La Convention citoyenne pour le climat ? Prometteuse, mais « ces espoirs ont finalement été douchés ». La planification écologique ? Sans cesse repoussée, « dans une nouvelle course de lenteur, à rebours du volontarisme des annonces initiales ». L’annonce de 30 % d’aires marines protégées ? « De fait, il est aujourd’hui démontré que la proportion des eaux nationales réellement protégées, avec un impact effectif sur la biodiversité, ne s’élève qu’à 1,6 % (et seulement 0,04 % dans les eaux métropolitaines, d’après des données de 2021). »
« La liste des pressions insoutenables que l’humanité fait peser sur son environnement, en particulier sur l’océan qui occupe les trois quarts de la surface de notre planète, est longue : réchauffement climatique, acidification des océans, désoxygénation, aménagements littoraux et hauturiers, déchets plastiques, pollutions, exploitation des ressources minières ou vivantes (surpêche).«
Depuis plus de 50 ans, la communauté scientifique travaille à identifier et alerter la société sur les dangers que ces pressions font courir à l’humanité. Face à ces menaces, le gouvernement français rappelle le constat scientifique et engage des initiatives démocratiques inédites comme la mise en place de la convention citoyenne sur le climat. Mais force est de constater que la loi Climat et résilience n’est pas à la hauteur ni du défi à relever ni des engagements pris par le Président au regard des 149 propositions de mesures concrètes formulées par les citoyens.
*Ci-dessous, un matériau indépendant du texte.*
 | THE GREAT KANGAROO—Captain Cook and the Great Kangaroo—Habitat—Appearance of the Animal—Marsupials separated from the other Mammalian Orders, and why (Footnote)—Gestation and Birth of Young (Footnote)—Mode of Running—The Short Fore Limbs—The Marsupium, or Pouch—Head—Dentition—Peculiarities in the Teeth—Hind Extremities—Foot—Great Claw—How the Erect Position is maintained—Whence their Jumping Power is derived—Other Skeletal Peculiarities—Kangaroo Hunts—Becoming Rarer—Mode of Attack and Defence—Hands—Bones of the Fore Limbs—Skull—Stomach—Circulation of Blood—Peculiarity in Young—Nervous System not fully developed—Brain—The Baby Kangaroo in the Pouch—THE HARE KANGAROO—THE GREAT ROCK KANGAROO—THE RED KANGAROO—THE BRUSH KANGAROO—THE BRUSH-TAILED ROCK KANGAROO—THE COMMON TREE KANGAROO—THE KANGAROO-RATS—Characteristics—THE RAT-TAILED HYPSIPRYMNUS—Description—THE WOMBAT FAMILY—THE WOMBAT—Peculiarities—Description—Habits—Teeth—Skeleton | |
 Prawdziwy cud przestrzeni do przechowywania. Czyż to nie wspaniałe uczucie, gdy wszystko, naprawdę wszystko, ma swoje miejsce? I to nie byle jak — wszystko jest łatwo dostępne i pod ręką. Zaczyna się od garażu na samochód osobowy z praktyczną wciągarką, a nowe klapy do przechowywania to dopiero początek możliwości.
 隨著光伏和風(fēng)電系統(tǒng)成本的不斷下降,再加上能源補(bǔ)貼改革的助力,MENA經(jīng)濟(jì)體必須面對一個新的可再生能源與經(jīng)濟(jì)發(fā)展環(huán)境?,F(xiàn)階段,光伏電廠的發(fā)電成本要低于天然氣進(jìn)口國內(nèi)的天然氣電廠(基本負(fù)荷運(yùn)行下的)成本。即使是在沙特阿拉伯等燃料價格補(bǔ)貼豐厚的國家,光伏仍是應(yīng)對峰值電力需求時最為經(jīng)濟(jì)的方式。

Que faire face à l’inaction publique ?
La planification écologique, annoncée par Christophe Béchu en septembre 2023, à la demande du Haut Conseil pour le climat, n’a pas donné lieu à un réel changement de méthode, malgré le lancement de « COP territoriales« . Une course de lenteur, pour le collectif de chercheurs, qui enchaîne les « désillusions » et dénonce le contraste entre les annonces politiques et l’inaction climatique, qui ne fait qu’accentuer la défiance. Et c’est sans compter les « exemptions sans fin » ou la faiblesse des mesures prises pour lutter efficacement contre la pollution plastique.
Les auteurs appellent à prendre trois mesures fortes pour redresser la barre :
- renouer avec l’esprit de la Convention citoyenne pour le climat dans une loi Climat et Résilience 2 ;
- assurer aux aires marines protégées françaises un niveau élevé de protection ;
- intégrer les plastiques à la liste des entités dangereuses et œuvrer à un traité plastique ayant un réel impact.
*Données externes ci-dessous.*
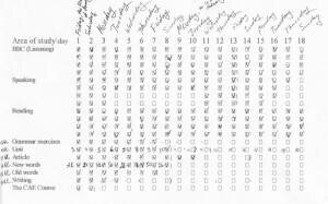 Я разбила двухчасовые сессии чтения, разговорной речи и понимания речи на слух на кусочки по полчаса каждый, и отмечала их в плане по мере выполнения. Таким образом, я могла позаниматься грамматикой, потом с полчаса отдохнуть под радио, затем штурмовать новые слова и т.п. Разговорную речь я практиковала с моей собакой, рассказывая ей о своих планах, чувствах и мыслях. Хитрое животное всегда притворялось, что ничего не понимает, но меня это не останавливало.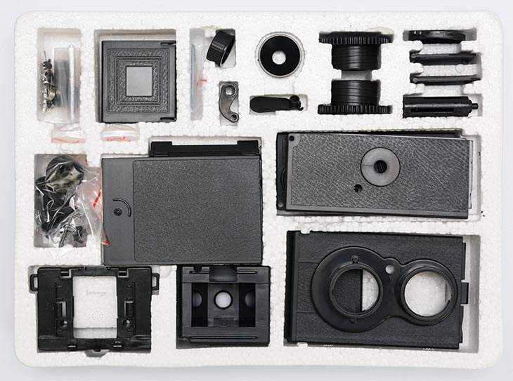 Ich nutzte zum Aufhellen einfach einen solchen KlappreflektorWerbung. Genau für so etwas sind diese Dinger ideal und gut positionierbar. Man kann bei diesen kleinen Objekten aber auch einfach einen weißen Karton nutzen. Ohne frontal eingesetzten Reflektor wäre die Frontansicht der Kamera viel zu dunkel geraten und ohne Detailzeichnung – Da ja das Licht von oben kam.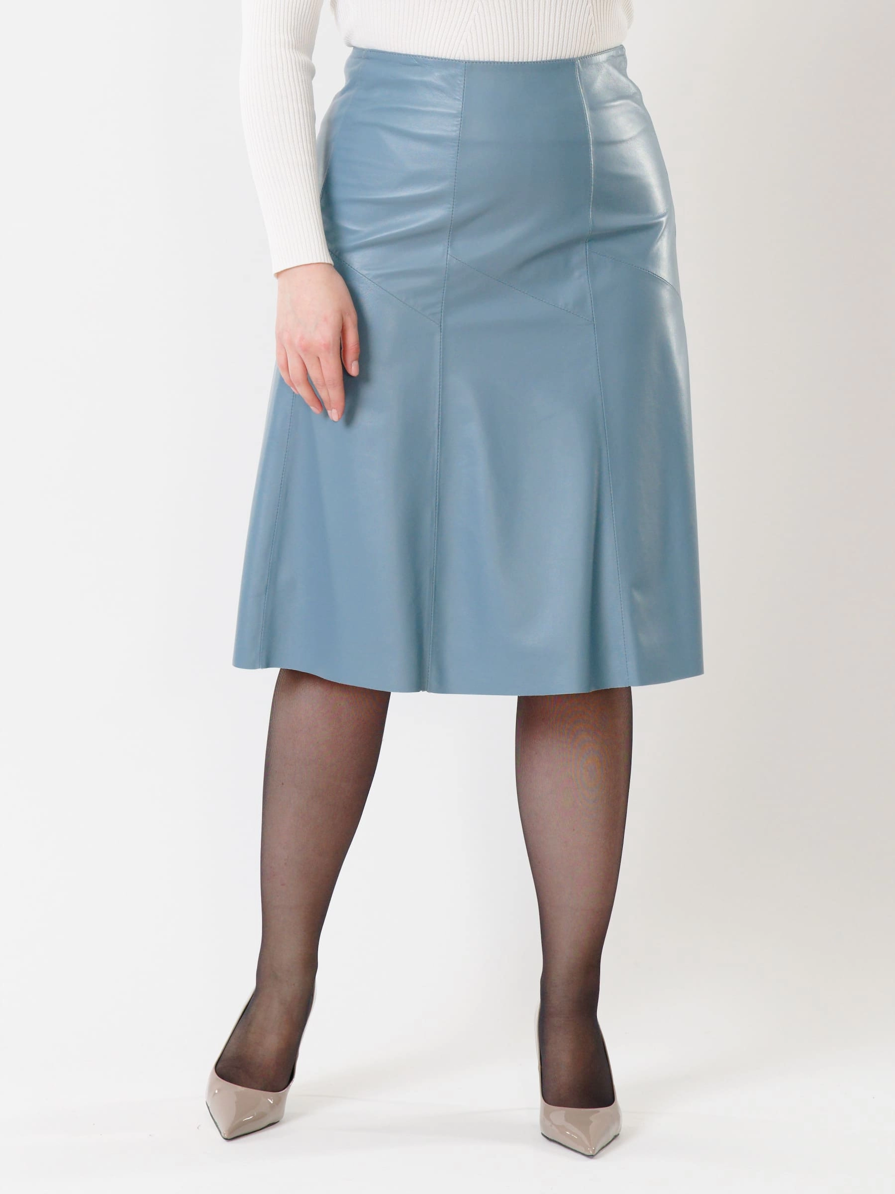 Товар расклешенная кожаная юбка 04, голубая, размер 48, артикул 85410 выполнен из натуральной кожи с застежкой молния. Рассчитан на сезон: демисезон. Длина изделия 68 см, силуэт расклешенный.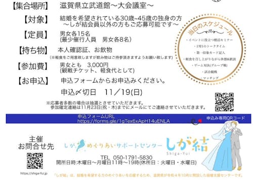 結婚を希望されている30歳~45歳までの独身男女の方 ※しが結会員以外の方もご応募可能です!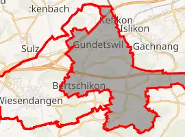 Wiesendangen is a municipality in the district of Winterthur in the canton of Zürich in Switzerland. On 1 January 2014 the former municipality of Bertschikon merged into the municipality of Wiesendangen. At the same time the Community Identification Number changed from 0229 to 0298.[3]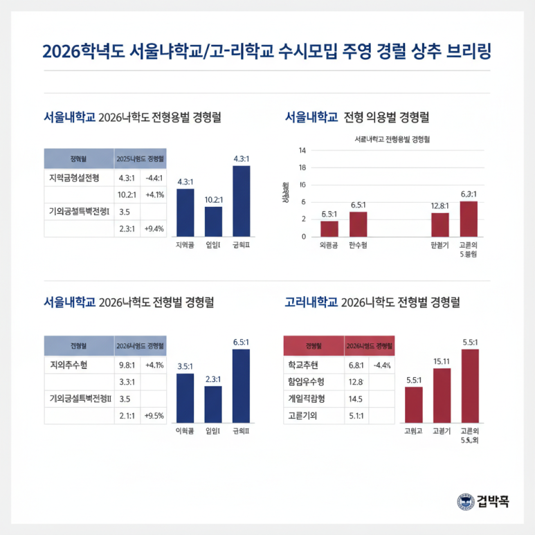 2026학년도 수시모집 서울대, 고려대 주요 경쟁률 분석 브리핑 문서

Un référendum pan-européen pour sauver le climat et la cohésion sociale ?
Peut-on encore gagner la bataille du climat ? Peut-on éviter le chaos ?
L’élu européen Pierre Larrouturou préconise, dans une tribune au « Monde », un électrochoc pour sauver le climat et la cohésion sociale. Il propose d’utiliser les élections du 9 juin pour changer radicalement nos politiques, tant au niveau européen qu’au niveau national. « Le nombre de catastrophes climatiques a triplé en trente ans et la concentration en CO₂ dans l’atmosphère augmente aujourd’hui trois fois plus vite que dans les années 1970.«
A l’occasion de la présentation de son plan pour « verdir » l’industrie, en mai 2023, Emmanuel Macron a appelé à une « pause » dans la réglementation européenne, afin de préserver les acteurs locaux soumis à la concurrence des pays moins-disants du point de vue écologique, comme la Chine.
« Faire une pause », comme l’a proposé Emmanuel Macron, serait « pure folie« . Au contraire, « il faut accélérer et se donner les moyens financiers de réussir une métamorphose rapide de notre modèle économique » propose Pierre Larrouturou.
Une banque du climat et de la biodiversité ?
Rapporteur général du budget de l’Union en 2021, il a pu expliquer aux décideurs européens le pacte finance-climat que Jean Jouzel, Anne Hessel et lui défendent depuis dix ans pour doter l’Europe d’une grande banque du climat et de la biodiversité. Une banque qui serait capable d’octroyer 300 milliards de prêts à taux zéro pour accélérer la transition écologique en Europe et dans les pays du Sud !
L’Europe ne peut pas être simplement guidée par les critères financiers qui risquent, selon l’eurodéputé, de plonger des millions d’européens dans la précarité en imposant chaque année des coupes budgétaires dans l’éducation, la santé ou les politiques climatiques. Sa liste “Changer l’Europe” propose 10 mesures d’urgence pour réorienter l’Europe, en soumettant deux traités au vote des peuples européens : un Pacte Finance-Climat et un Traité Emploi-Pouvoir d’Achat.
Approuver ces traités le même jour partout en Europe grâce à un référendum pan-européen ? L’idée vient du grand philosophe allemand Jürgen Habermas. Après 5 années passées au cœur du système comme député et Rapporteur Général du Budget, Pierre Larrouturou est convaincu qu’il s’agit du seul moyen de provoquer un sursaut.
Parmi les mesures proposées figure aussi la semaine de 4 jours et une taxe sur la spéculation financière.